PROBLEM TO SOLVE >> Transcribe exactly the lines from the top of the records below through the line that holds "- Dimensions: 1.8", both included, with no pictures.

(Entries taken from a collection)

┌──

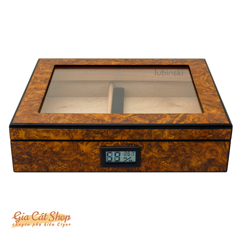 Có sức chứa 20 điếu, hộp ủ cigar Lubinski hướng đến sự tiện dụng, gọn nhẹ có thể mang đi đặt ở nhiều nơi: đặt ở phòng làm việc, đặt ở oto hay có thể mang đi công tác, nó đẹp gọn gàng thiết kế tiện dụng. Bên ngoài được véc ly vân gỗ cầu kỳ mặt kính nhìn rất sang trọng, tủ được làm bằng gỗ tuyết tùng loại gỗ chuyên dụng cho các loại tủ, hộp bảo quản chứa cigar. (Sơ qua về gỗ tuyết tùng thì đây là loại gỗ sinh ra là dành cho bảo quản cigar – nó ko có nhiều tạp mùi, hấp thụ ẩm và lưu giữ ẩm tốt, hấp thụ ẩm những ko biến dạng cong vênh)
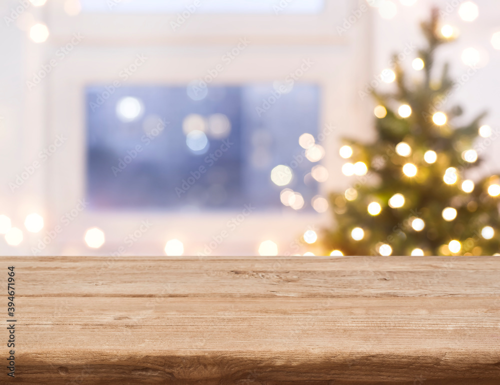 Desk space in front of defocused window with christmas tree
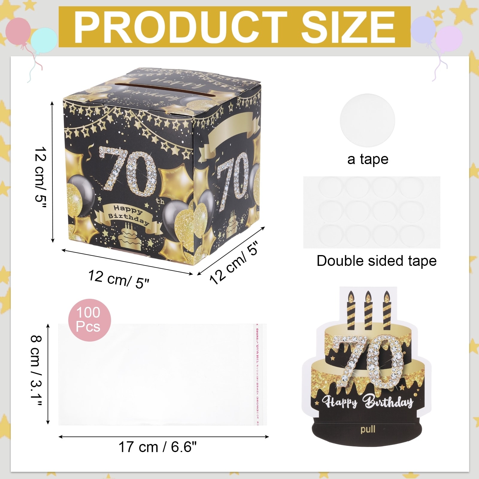 Birthday Money Box for Cash Gift, Birthday Money Pull Box with 100pcs Transparent Bags - Black Gold
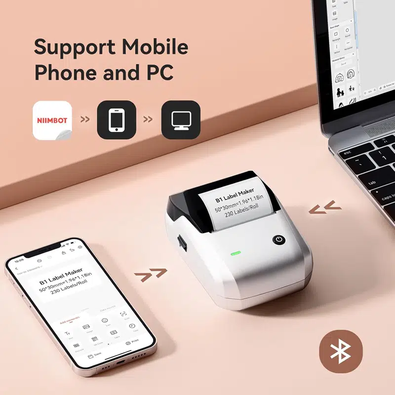 NiiMbot B1 Etiket Makinesi Gri, Bluetooth Kablosuz Taşınabilir (Grey) - USB Şarjlı
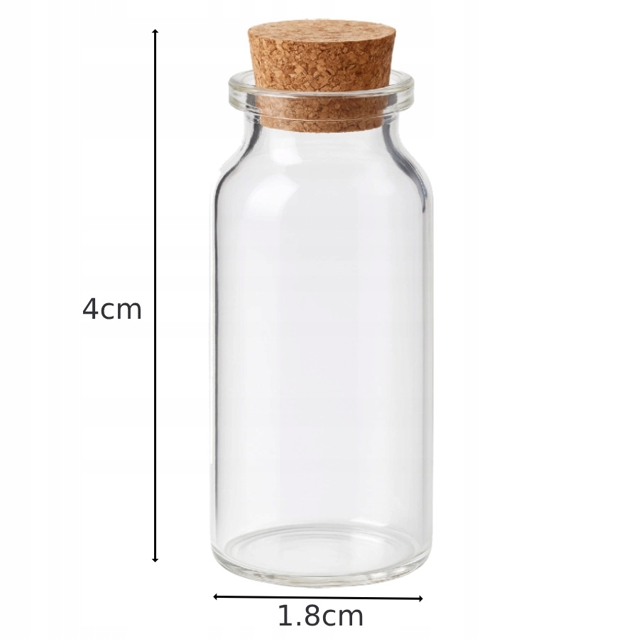- Dimensions: 1.8 cm in diameter x 4 cm height (with cork)
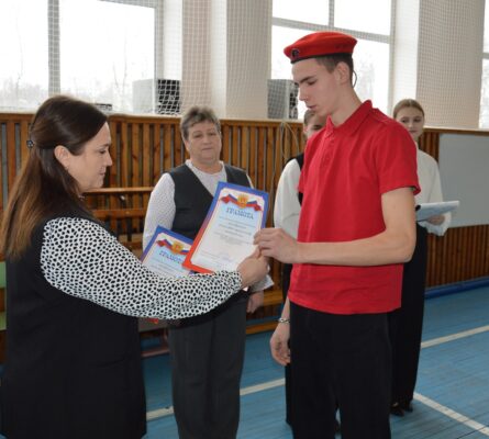В Гордеевском районе завершился месячник оборонно-массовой и военно-патриотической работы «Мы вместе». Его финальным аккордом стало торжественное мероприятие, прошедшее в физкультурно-оздоровительном комплексе «Звёздный».В течение месяца проходили мероприятия, направленные на воспитание патриотизма, увековечивания памяти о подвигах наших героических предков, поддержке военнослужащих, выполняющих боевые задачи в ходе СВО, пропаганды здорового образа жизни. Школьники активно участвовали в уроках мужества, тематических классных часах, конкурсах и соревнованиях, готовили фотопроекты о службе своих пап и дедушек в армии и других мероприятиях, согласно разработанному плану.Закрытие месячника объединило команды школ района, юнармейцев, активистов «Движения Первых», а также учителей и советников директоров по воспитанию.К участникам мероприятия обратилась председатель районной ветеранской организации Валентина Карловская: «Патриотические мероприятия очень важны для молодежи, каждое из них – это соприкосновение с живой историей, а каждый рассказ о славных страницах нашего государства наполнен особым смыслом, что во многом способствует гражданскому и нравственному становлению личности. Сегодня, как никогда, важно знать нашу историю, помнить о событиях, чтить память защитников нашей Родины, отдавших долг в разные годы, когда над страной нависала грозная опасность». Валентина Павловна выразила слова благодарности всем ребятам, принимавшим участие в различных мероприятиях месячника.На торжестве по случаю закрытия месячника подвели итоги работы, вручили заслуженные награды. Валентина Карловская вручила грамоты отдела образования администрации района победителям муниципального конкурса открыток, посвященного Дню защитника Отечества.По итогам спортивной эстафеты, проводимой в месячник оборонно-массовой и военно-патриотической работы «Мы вместе» отмечены: 1 место заняла команда Петровобудской школы, 2 место – Гордеевской СОШ, 3 место у команды Мирнинской СОШ. Грамоты вручила Галина Якубович, председатель местного Совета «Движения Первых».В рамках закрытия месячника прошла спортивная эстафета, в которой приняли участие команды школ. Каждая команда получила возможность продемонстрировать свои навыки, ловкость и знания. Участники показали не только спортивные умения, но и командный дух, креативность и стремление к победе. Первое место заняла команда Мирнинской СОШ, второе место у команды Петровобудской ООШ, третье у Творишинской СОШ. Несмотря на закрытие месячника, работа педагогов и учащихся на этом не заканчивается. Впереди их ждёт огромное количество мероприятий, связанных с Годом единства народов России. Самые важные из них будут посвящены патриотическому воспитанию нашей молодёжи.

└──

THE COMPLETED TASK >>
 Có sức chứa 20 điếu, hộp ủ cigar Lubinski hướng đến sự tiện dụng, gọn nhẹ có thể mang đi đặt ở nhiều nơi: đặt ở phòng làm việc, đặt ở oto hay có thể mang đi công tác, nó đẹp gọn gàng thiết kế tiện dụng. Bên ngoài được véc ly vân gỗ cầu kỳ mặt kính nhìn rất sang trọng, tủ được làm bằng gỗ tuyết tùng loại gỗ chuyên dụng cho các loại tủ, hộp bảo quản chứa cigar. (Sơ qua về gỗ tuyết tùng thì đây là loại gỗ sinh ra là dành cho bảo quản cigar – nó ko có nhiều tạp mùi, hấp thụ ẩm và lưu giữ ẩm tốt, hấp thụ ẩm những ko biến dạng cong vênh)
 Desk space in front of defocused window with christmas tree
 Birthday Money Box for Cash Gift, Birthday Money Pull Box with 100pcs Transparent Bags - Black Gold
 NiiMbot B1 Etiket Makinesi Gri, Bluetooth Kablosuz Taşınabilir (Grey) - USB Şarjlı
- Dimensions: 1.8 cm in diameter x 4 cm height (with cork)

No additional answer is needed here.